> Exercise directions:
For this listing, reproduce the line with "讲座由教学主任何建军主持。他", the line with "Ceny průmyslových výrobců", and the lines between, exactly as they stand. Leave out pictures and all other lines.

> Task material:
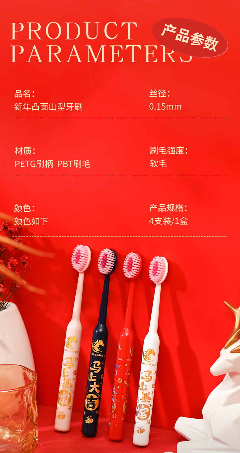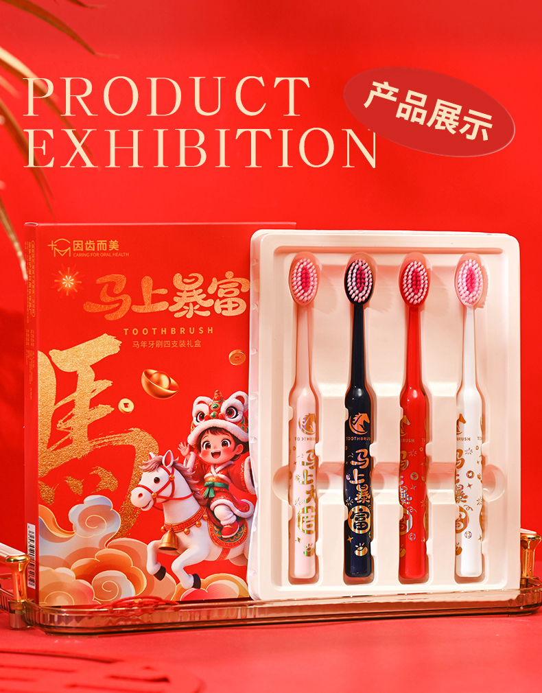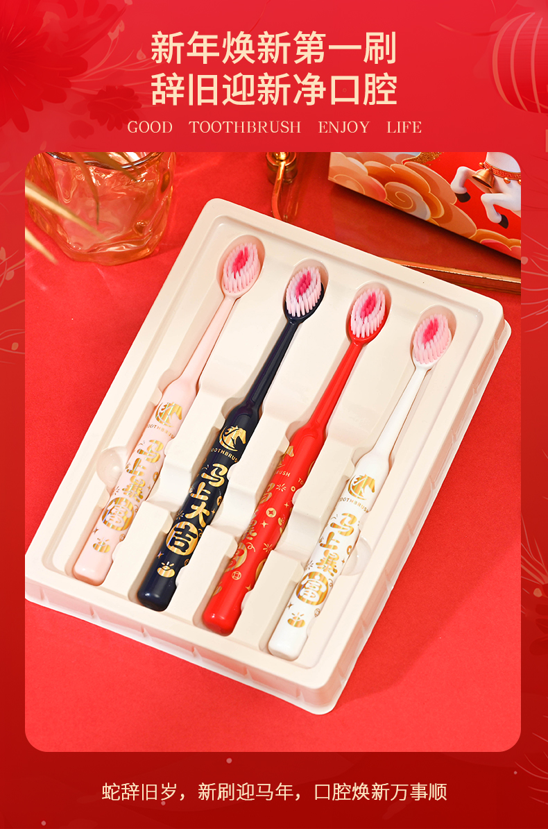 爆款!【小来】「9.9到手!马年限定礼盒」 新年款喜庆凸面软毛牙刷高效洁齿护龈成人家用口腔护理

---

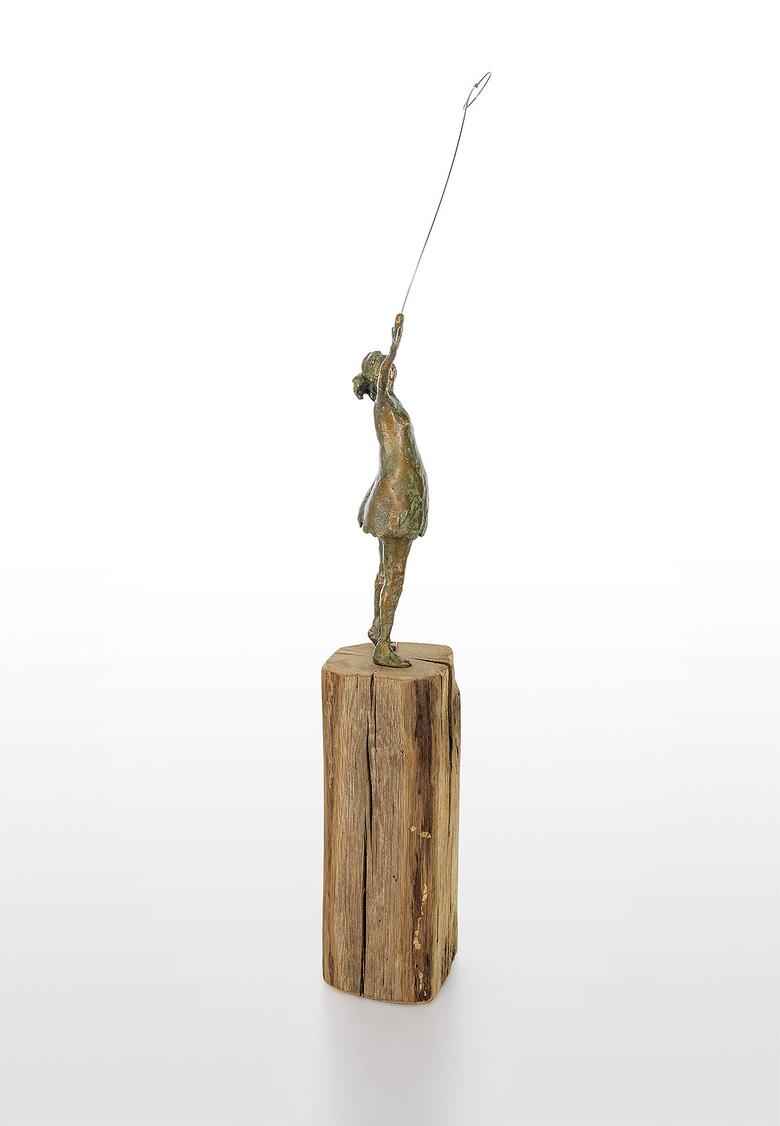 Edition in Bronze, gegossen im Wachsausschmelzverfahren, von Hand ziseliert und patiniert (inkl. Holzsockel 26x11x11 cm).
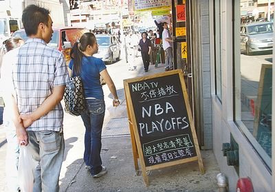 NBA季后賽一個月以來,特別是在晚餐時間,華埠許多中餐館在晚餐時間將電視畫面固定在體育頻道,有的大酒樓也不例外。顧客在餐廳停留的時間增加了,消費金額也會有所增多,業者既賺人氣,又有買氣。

---

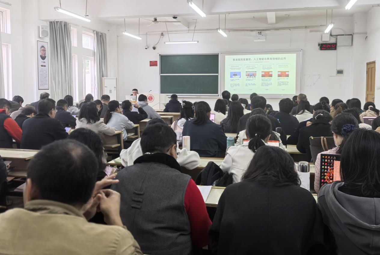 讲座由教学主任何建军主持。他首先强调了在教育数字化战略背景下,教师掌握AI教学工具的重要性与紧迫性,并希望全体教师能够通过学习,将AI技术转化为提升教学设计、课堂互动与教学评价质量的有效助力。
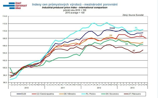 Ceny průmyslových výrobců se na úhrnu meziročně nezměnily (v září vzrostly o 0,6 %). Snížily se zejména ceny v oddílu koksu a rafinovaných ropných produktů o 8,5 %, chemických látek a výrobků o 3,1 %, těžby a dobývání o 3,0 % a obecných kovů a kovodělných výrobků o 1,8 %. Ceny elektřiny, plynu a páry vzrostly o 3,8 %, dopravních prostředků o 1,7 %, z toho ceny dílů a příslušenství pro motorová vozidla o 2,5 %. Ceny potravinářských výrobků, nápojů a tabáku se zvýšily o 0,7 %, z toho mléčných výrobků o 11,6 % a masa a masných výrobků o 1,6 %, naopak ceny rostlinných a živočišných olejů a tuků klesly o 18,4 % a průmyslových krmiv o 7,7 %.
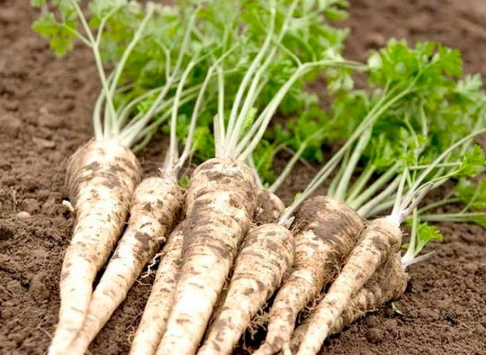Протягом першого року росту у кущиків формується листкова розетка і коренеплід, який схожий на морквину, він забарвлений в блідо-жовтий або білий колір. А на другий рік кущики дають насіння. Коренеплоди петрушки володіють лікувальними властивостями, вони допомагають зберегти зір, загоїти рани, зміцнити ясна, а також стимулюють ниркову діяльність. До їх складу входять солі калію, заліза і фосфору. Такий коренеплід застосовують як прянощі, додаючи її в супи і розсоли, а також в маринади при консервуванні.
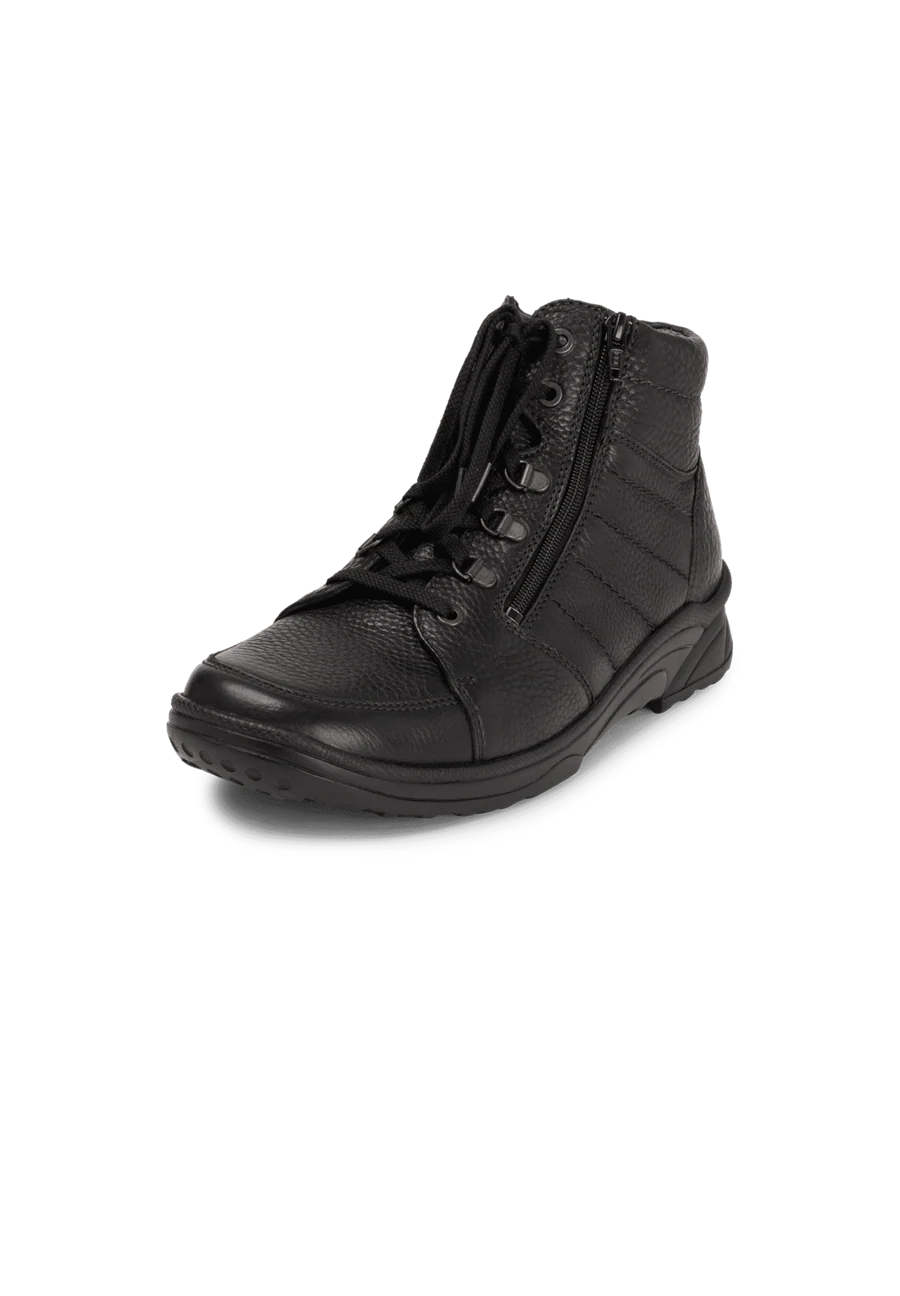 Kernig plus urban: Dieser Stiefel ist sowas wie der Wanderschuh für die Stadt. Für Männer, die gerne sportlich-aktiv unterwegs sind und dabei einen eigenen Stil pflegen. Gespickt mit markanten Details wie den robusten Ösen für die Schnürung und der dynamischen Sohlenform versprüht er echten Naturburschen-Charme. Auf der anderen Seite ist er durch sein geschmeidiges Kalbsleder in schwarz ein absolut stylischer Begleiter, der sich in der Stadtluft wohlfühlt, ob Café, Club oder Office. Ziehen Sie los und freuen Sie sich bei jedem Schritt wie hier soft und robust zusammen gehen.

> Solved exercise:
 讲座由教学主任何建军主持。他首先强调了在教育数字化战略背景下,教师掌握AI教学工具的重要性与紧迫性,并希望全体教师能够通过学习,将AI技术转化为提升教学设计、课堂互动与教学评价质量的有效助力。
 Ceny průmyslových výrobců se na úhrnu meziročně nezměnily (v září vzrostly o 0,6 %). Snížily se zejména ceny v oddílu koksu a rafinovaných ropných produktů o 8,5 %, chemických látek a výrobků o 3,1 %, těžby a dobývání o 3,0 % a obecných kovů a kovodělných výrobků o 1,8 %. Ceny elektřiny, plynu a páry vzrostly o 3,8 %, dopravních prostředků o 1,7 %, z toho ceny dílů a příslušenství pro motorová vozidla o 2,5 %. Ceny potravinářských výrobků, nápojů a tabáku se zvýšily o 0,7 %, z toho mléčných výrobků o 11,6 % a masa a masných výrobků o 1,6 %, naopak ceny rostlinných a živočišných olejů a tuků klesly o 18,4 % a průmyslových krmiv o 7,7 %.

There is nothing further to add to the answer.